Probability vs likelihood

Common mistake:

“The likelihood is the probability that the parameter is true.”

Nope. Probability and likelihood often use the same mathematical expression, but they point in different directions.

A probability model says:

P (x ∣ θ)

meaning: if the parameter/model value $θ$ were fixed, how probable is the data $x$ ?

A likelihood says:

L (θ ∣ x)

meaning: after observing data $x$ , which parameter values make this data look least surprising?

Same expression, different variable treated as movable.

Analogy: imagine footprints in the snow.

Probability: “If it was a fox, how likely are these footprints?”
Likelihood: “Given these footprints, which animal hypotheses fit well? Fox? Dog? Cat?”

The footprints do not assign an automatic probability to foxes unless you also include prior information about how common foxes, dogs, and cats are. That is why likelihood alone is not the same as posterior probability.

$p$ -values are not the probability the null is true

Common mistake:

p = P (H_{0} true ∣ data) .

That is not what a $p$ -value is.

A $p$ -value is closer to:

p = P (data at least this extreme ∣ H_{0} is true) .

So the null hypothesis is assumed for the calculation. The $p$ -value asks how surprising the observed result would be inside the null-hypothesis world.

Analogy: a smoke alarm.

$p$ -value question: “If there were no fire, how often would this alarm be this loud or louder?”
What people want: “Given the alarm is loud, how likely is there a fire?”

Those are not the same. To answer the second question, you need base rates and false-alarm behaviour.

A tiny $p$ -value says “this data is weird under the null.” It does not by itself say “the alternative is definitely true,” “the effect is large,” or “the model assumptions are fine.”

Statistical significance vs practical importance

A result can be statistically significant and practically boring.

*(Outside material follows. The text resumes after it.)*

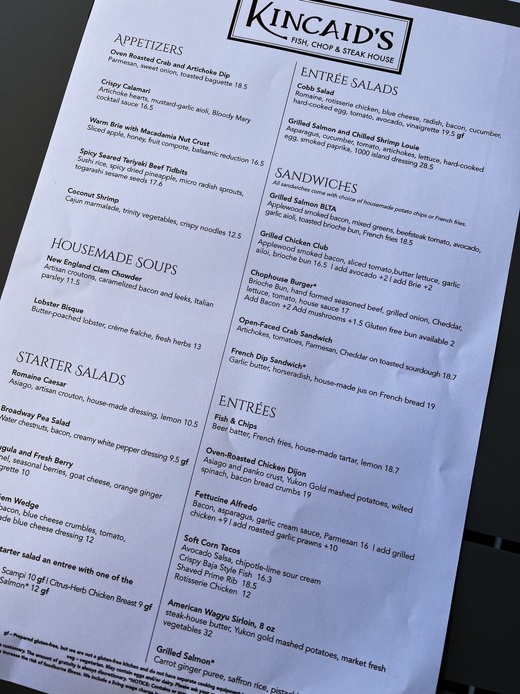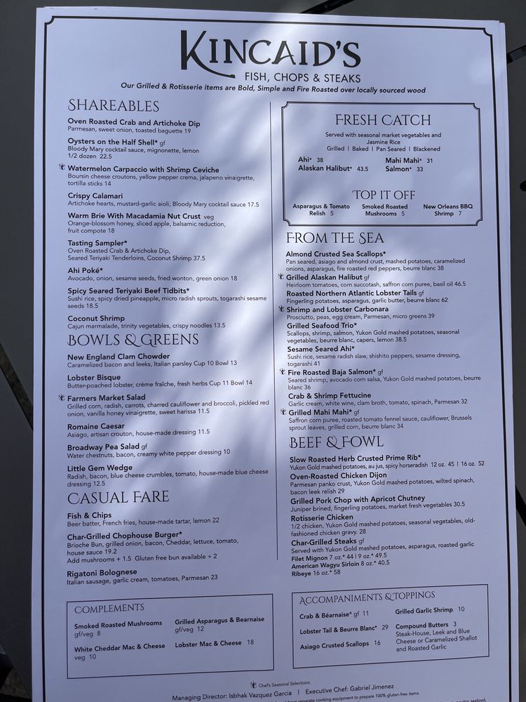 Welcome to Kincaid's Fish, Chop & Steakhouse, a culinary gem nestled in Burlingame, CA. This establishment expertly fuses American seafood and steakhouse fare, catering to diverse palates and dietary preferences. With a menu that boasts fresh options like Grilled Salmon BLTA and Chophouse Burger, diners can relish a delightful assortment of flavors.

With a huge sample size, tiny effects can produce tiny $p$ -values. If you measure enough people, you might detect that one teaching method improves exam scores by 0.03 marks on average. Statistically real? Maybe. Useful? Probably lol no.

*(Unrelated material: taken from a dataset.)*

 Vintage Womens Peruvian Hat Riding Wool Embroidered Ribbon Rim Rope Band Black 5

Think of significance as a microscope. A powerful enough microscope can reveal a scratch on a tank. That does not mean the tank is broken.

Always ask:

How large is the effect?
What are the units?
Is the effect large compared with natural variation?
Would it change a decision?

Report effect sizes and uncertainty, not just stars like p < 0.05.

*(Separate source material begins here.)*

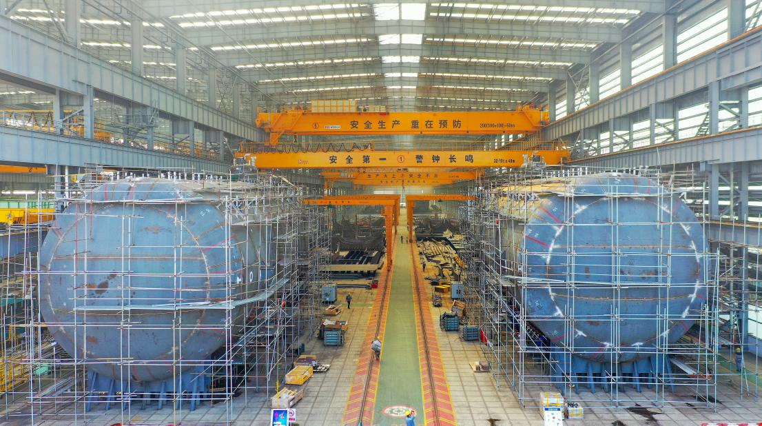 △圖為新時代高端船舶智能化分段制造車間投產(chǎn)。

Correlation is not causation

Correlation measures association. It does not prove mechanism.

If ice cream sales and drowning deaths are correlated, ice cream is not necessarily drowning people. A third variable — hot weather — can increase both.

Three classic traps:

Confounding: $X$ and $Y$ move together because $Z$ affects both.
Reverse causation: maybe $Y$ causes $X$ , not $X$ causes $Y$ .
Selection effects: the dataset only includes a biased slice of reality.

Analogy: two shadows moving together on a wall. The shadows are correlated, but one shadow is not dragging the other. Something outside the wall is moving both.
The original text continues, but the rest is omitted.